## What to produce
Set down, unchanged, the line holding "A vencer esto" and all lines that follow it to the end of the material, leaving pictures out.

## Data block
▼

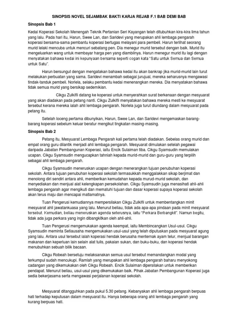 Persoalan Novel Sejambak Bakti : Plot Novel Sejambak Bakti Tingkatan 1. Tema dan persoalan novel sejambak bakti. Sinopsis, watak dan perwatakan, tema, persoalan, nilai, pengajaran, latar masa, latar tempat : Novel yang telah saya kaji dalam ialah novel sejambak bakti karya rejab f.i. Tema dan persoalan novel sejambak bakti. Novel yang telah saya kaji dalam ialah novel sejambak bakti karya rejab f.i. Tema novel ini ialah kegigihan sekumpulan remaja memajukan kedai koperasi sekolah.
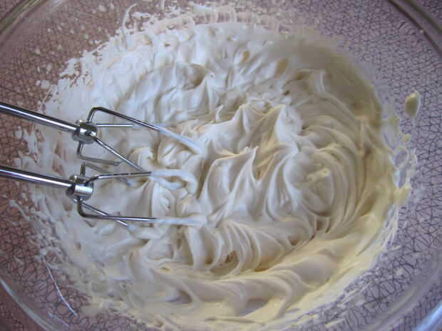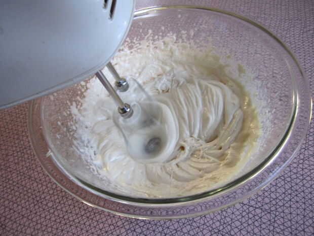 A vencer esto juntos en alto hasta que forma picos suaves - el paquete dice que tomará 4 minutos. Yo diría que es de derecho.
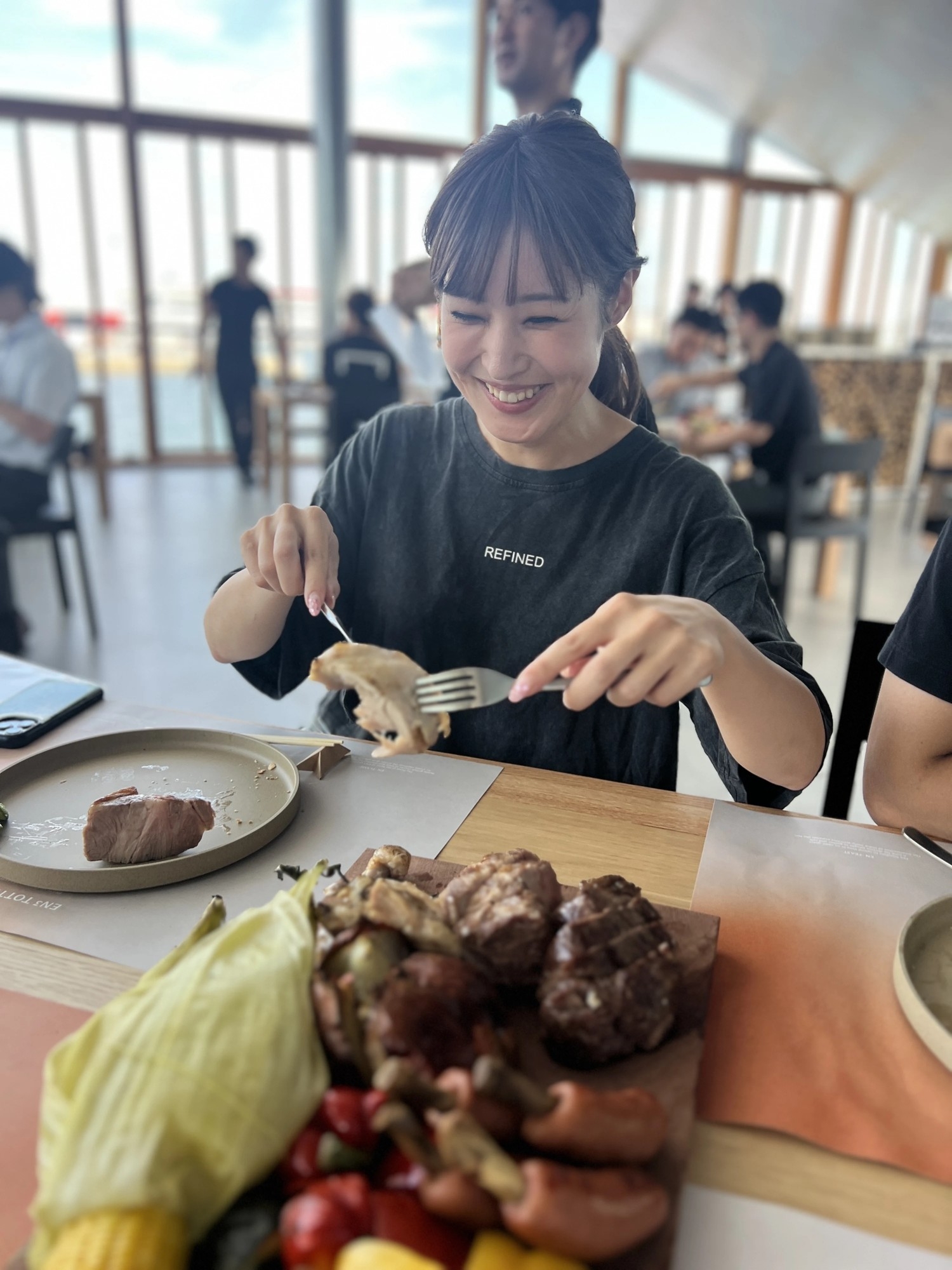 オープン初日となった本日、2階BBQレストランではご予約のお客様が次々と訪れ、開放感ある店内で食事を楽しまれました。

▲

## Reply
 A vencer esto juntos en alto hasta que forma picos suaves - el paquete dice que tomará 4 minutos. Yo diría que es de derecho.
 オープン初日となった本日、2階BBQレストランではご予約のお客様が次々と訪れ、開放感ある店内で食事を楽しまれました。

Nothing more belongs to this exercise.